(How to complete this task): Transcribe the data exactly, pictures excluded.
[Opening Supplied information section]
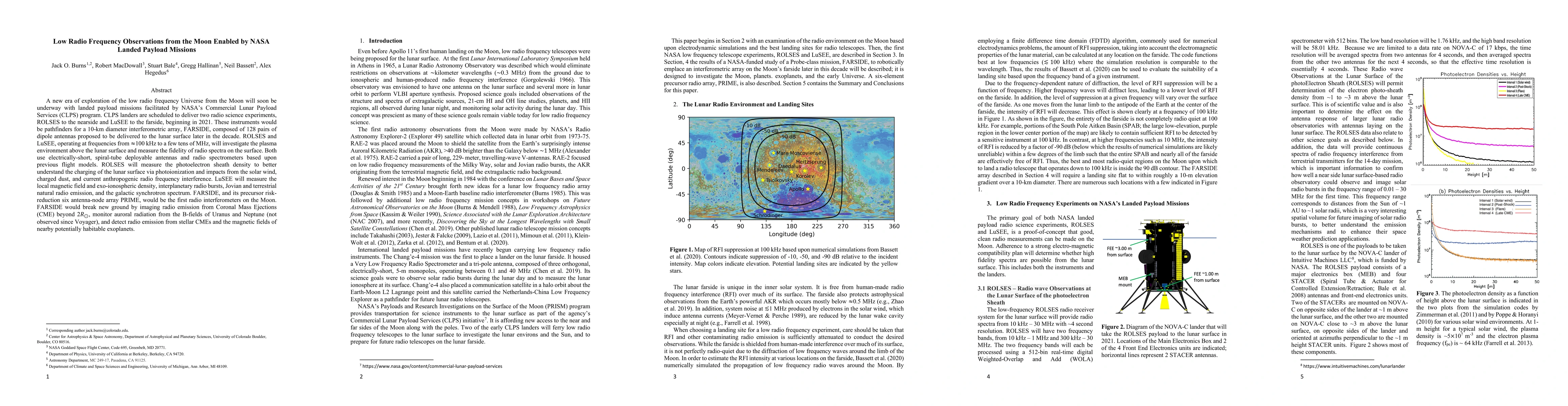 A new era of exploration of the low radio frequency Universe from the Moon will soon be underway with landed payload missions facilitated by NASA's Commercial Lunar Payload Services (CLPS) program. CLPS landers are scheduled to deliver two radio science experiments, ROLSES to the nearside and LuSEE to the farside, beginning in 2021. These instruments would be pathfinders for a 10-km diameter interferometric array, FARSIDE, composed of 128 pairs of dipole antennas proposed to be delivered to the lunar surface later in the decade. ROLSES and LuSEE, operating at frequencies from 100 kHz to a few tens of MHz, will investigate the plasma environment above the lunar surface and measure the fidelity of radio spectra on the surface. Both use electrically-short, spiral-tube deployable antennas and radio spectrometers based upon previous flight models. ROLSES will measure the photoelectron sheath density to better understand the charging of the lunar surface via photoionization and impacts from the solar wind, charged dust, and current anthropogenic radio frequency interference. LuSEE will measure the local magnetic field and exo-ionospheric density, interplanetary radio bursts, Jovian and terrestrial natural radio emission, and the galactic synchrotron spectrum. FARSIDE, and its precursor risk-reduction six antenna-node array PRIME, would be the first radio interferometers on the Moon. FARSIDE would break new ground by imaging radio emission from Coronal Mass Ejections (CME) beyond 2 solar radii, monitor auroral radiation from the B-fields of Uranus and Neptune (not observed since Voyager), and detect radio emission from stellar CMEs and the magnetic fields of nearby potentially habitable exoplanets.
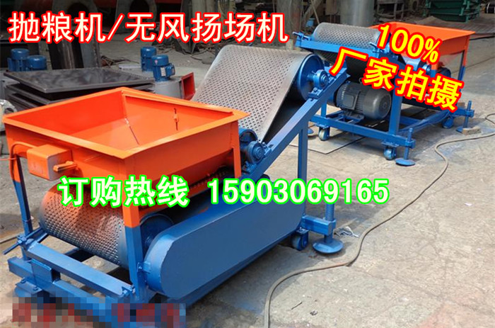 抛粮机工作原理:在高速运下迫使物料及惯性向前上方运动被皮带送出,由于皮带为特殊加工的多坑圆点输送带,输送中有定向作用,便于粮食的收集,复合式抛粮机移动方便,使用时需将水平固定丝杆升起,本机器的电机是铜线包电机优质耐用 电机功率5.5kw,使用三相电电机,抛粮机转速为每分1440转,每小时产量20-30吨,抛高3.5米,抛出距离可达6-8米
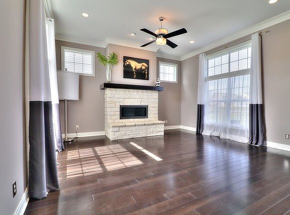 Originally Built by McGuire Custom Homes and offers spectacular design and custom features. You will enjoy the exterior design and curb appeal. Features Living room with cathedral ceiling and stone fireplace. This home has a great floor plan for entertaining. The kitchen has center island with beautiful marble counter tops, as well as a marble tile backsplash. Main floor has a bonus bedroom that can also be used as office or den. Upstairs master bedroom has a large walk thru closet that leads to convenient upstairs laundry room. Master bath has Corian tops and Travertine floor tiles. Other bedrooms are large sized. The basement is finished with a family room and a full bath as well as potential 5th bedroom space. You will appreciate the upgraded features in this move in ready home. Garage extra depth on one side of 20 ft. for awesome storage. Kitchen appliances and washer/dryer included, making this a great value home with beautiful features.
[Closing Supplied information section]
(Output of the task):
 A new era of exploration of the low radio frequency Universe from the Moon will soon be underway with landed payload missions facilitated by NASA's Commercial Lunar Payload Services (CLPS) program. CLPS landers are scheduled to deliver two radio science experiments, ROLSES to the nearside and LuSEE to the farside, beginning in 2021. These instruments would be pathfinders for a 10-km diameter interferometric array, FARSIDE, composed of 128 pairs of dipole antennas proposed to be delivered to the lunar surface later in the decade. ROLSES and LuSEE, operating at frequencies from 100 kHz to a few tens of MHz, will investigate the plasma environment above the lunar surface and measure the fidelity of radio spectra on the surface. Both use electrically-short, spiral-tube deployable antennas and radio spectrometers based upon previous flight models. ROLSES will measure the photoelectron sheath density to better understand the charging of the lunar surface via photoionization and impacts from the solar wind, charged dust, and current anthropogenic radio frequency interference. LuSEE will measure the local magnetic field and exo-ionospheric density, interplanetary radio bursts, Jovian and terrestrial natural radio emission, and the galactic synchrotron spectrum. FARSIDE, and its precursor risk-reduction six antenna-node array PRIME, would be the first radio interferometers on the Moon. FARSIDE would break new ground by imaging radio emission from Coronal Mass Ejections (CME) beyond 2 solar radii, monitor auroral radiation from the B-fields of Uranus and Neptune (not observed since Voyager), and detect radio emission from stellar CMEs and the magnetic fields of nearby potentially habitable exoplanets.
 抛粮机工作原理:在高速运下迫使物料及惯性向前上方运动被皮带送出,由于皮带为特殊加工的多坑圆点输送带,输送中有定向作用,便于粮食的收集,复合式抛粮机移动方便,使用时需将水平固定丝杆升起,本机器的电机是铜线包电机优质耐用 电机功率5.5kw,使用三相电电机,抛粮机转速为每分1440转,每小时产量20-30吨,抛高3.5米,抛出距离可达6-8米
 Originally Built by McGuire Custom Homes and offers spectacular design and custom features. You will enjoy the exterior design and curb appeal. Features Living room with cathedral ceiling and stone fireplace. This home has a great floor plan for entertaining. The kitchen has center island with beautiful marble counter tops, as well as a marble tile backsplash. Main floor has a bonus bedroom that can also be used as office or den. Upstairs master bedroom has a large walk thru closet that leads to convenient upstairs laundry room. Master bath has Corian tops and Travertine floor tiles. Other bedrooms are large sized. The basement is finished with a family room and a full bath as well as potential 5th bedroom space. You will appreciate the upgraded features in this move in ready home. Garage extra depth on one side of 20 ft. for awesome storage. Kitchen appliances and washer/dryer included, making this a great value home with beautiful features.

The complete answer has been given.